Takaful insurance, which complies with Islamic law, is another opportunity. Takaful operates on the basis of shared responsibility that eliminates uncertainty, the charging of interest and any suggestion of gambling, all of which are forbidden under Islamic law.
Policy holders contribute to a shared pool. All losses are shared equally and so too are surpluses. Profits are distributed between the contributors and the service providers on a ratio which is agreed at the outset. The system also encourages operators to maintain a healthy level of capital.
Since commercial insurance is not allowed for Muslims, this opens up a whole new market for operators, with conventional insurers now offering takaful services.
Takaful Insurance of Africa – the first of its kind in East Africa – opened for business in Kenya in January 2011. Islamic financial services first began operating in Kenya in 2007 and have continued to grow since then. There are an estimated four million Muslims in Kenya – accounting for approximately 10% of the population – and until recently they faced the choice of either insuring themselves in ways that contravened their faith or, as many did, not insuring themselves at all.
Takaful insurance is open to non-Muslims too, and it will be interesting to see how many choose to take it up. Indeed, in Nigeria, Niger Insurance is pushing its takaful range of services to Muslims and non-Muslims alike as, according to the company’s managing director, Clinton Uranta, it encourages a savings culture. “The bottom line is savings,” he said in an interview. “Savings for school fees, pilgrimage, house rent and what-have-you. That was how we modified it to suit our people in Nigeria.”
Health insurance initiatives
Health insurance is another area of potential growth that offers the opportunity to improve the lives of millions of Africans. Currently, much of the continent’s public healthcare simply does not have the capacity to offer the services it should, and private treatment is beyond the means of most.
MicroEnsure is one company that is offering health insurance through microfinance initiatives. Research conducted by the company showed that in Tanzania, the amount families were willing to pay was not enough to cover them.
Further research identified the five most common ailments in the country and the company decided to offer unlimited treatments for the whole family for these five ailments (or four ailments, plus maternity care) for $40 per year.
Alternatively, families could choose to cover themselves for an unlimited number of ailments but for a limited number of treatments. Most families chose the first option.
Compared to the company’s success in India with micro-insurance, MicroEnsure found marketing the scheme to Tanzanians difficult and so enlisted the help of the Anglican church to spread the word.
Currently the scheme is still being piloted and there are a number of concerns which need ironing out. Not least of all is the counterintuitive business model (if you’re an insurance company) of offering cover for high-frequency ailments – which the company believes it has overcome by reducing costs, making the scheme financially viable.
Banking and insurance
Banks have entered into partnerships where insurance products are sold through a bank’s existing sales channels.

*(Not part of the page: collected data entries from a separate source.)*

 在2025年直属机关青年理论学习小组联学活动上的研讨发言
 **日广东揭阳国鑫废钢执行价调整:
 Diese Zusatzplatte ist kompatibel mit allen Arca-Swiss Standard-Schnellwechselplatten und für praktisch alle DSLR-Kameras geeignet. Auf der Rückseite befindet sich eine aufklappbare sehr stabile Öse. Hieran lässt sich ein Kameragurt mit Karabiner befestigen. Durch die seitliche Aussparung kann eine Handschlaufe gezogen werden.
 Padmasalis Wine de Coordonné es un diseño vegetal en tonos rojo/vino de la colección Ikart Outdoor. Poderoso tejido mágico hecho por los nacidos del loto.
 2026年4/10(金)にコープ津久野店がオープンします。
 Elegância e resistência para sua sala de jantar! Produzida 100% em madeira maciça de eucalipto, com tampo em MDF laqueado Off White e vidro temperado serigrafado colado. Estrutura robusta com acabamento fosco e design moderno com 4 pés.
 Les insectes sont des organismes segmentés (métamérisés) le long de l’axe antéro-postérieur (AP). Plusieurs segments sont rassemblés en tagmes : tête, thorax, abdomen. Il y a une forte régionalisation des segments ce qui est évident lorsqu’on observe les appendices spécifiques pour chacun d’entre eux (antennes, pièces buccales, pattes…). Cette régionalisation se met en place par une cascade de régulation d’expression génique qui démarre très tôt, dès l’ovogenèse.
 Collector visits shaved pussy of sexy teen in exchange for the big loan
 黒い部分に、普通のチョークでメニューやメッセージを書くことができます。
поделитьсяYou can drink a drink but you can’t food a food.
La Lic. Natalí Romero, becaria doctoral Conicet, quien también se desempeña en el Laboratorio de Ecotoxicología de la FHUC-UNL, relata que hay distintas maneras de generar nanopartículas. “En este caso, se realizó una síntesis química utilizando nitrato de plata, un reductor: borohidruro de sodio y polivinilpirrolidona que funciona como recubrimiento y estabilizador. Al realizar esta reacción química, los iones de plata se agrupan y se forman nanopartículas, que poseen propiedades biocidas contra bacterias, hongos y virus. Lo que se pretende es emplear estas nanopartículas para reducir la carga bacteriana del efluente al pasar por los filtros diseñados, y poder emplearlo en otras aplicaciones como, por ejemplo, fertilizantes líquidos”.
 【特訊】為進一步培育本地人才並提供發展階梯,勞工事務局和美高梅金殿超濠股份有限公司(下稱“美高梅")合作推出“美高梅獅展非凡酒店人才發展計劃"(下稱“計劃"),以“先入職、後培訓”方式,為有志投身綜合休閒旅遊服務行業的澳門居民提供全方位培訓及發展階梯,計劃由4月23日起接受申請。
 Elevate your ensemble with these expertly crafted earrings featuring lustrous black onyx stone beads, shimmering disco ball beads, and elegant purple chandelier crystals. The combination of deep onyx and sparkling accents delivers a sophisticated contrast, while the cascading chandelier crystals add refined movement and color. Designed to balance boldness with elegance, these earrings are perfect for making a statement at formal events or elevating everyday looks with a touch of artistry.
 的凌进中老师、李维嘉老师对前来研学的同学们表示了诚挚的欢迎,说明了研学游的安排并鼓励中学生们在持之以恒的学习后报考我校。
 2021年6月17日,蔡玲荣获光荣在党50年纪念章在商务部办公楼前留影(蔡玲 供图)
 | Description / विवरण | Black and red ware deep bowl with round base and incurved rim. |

The African model hopes to learn from mistakes made elsewhere. According to a report, Bridging the Cultural Divide Between Banks and Life Insurers, by South Africa Bancassurance and Credit Life Study, part of that challenge is getting bankers and insurers to agree on such fundamentals as marketing, training and technology.
Insurance is, by definition, founded on risk. The unpredictable nature of climate change represents a significant challenge to insurers whose business relies on calculating risk.
The British-based NGO, ClimateWise, set up in 2007 by HRH The Prince of Wales, has 40 insurers and other organisations signed up to its principles. It believes that since the industry is especially vulnerable to losses caused by extreme weather, it has a unique role to play if some parts of the world are not to become uninsurable.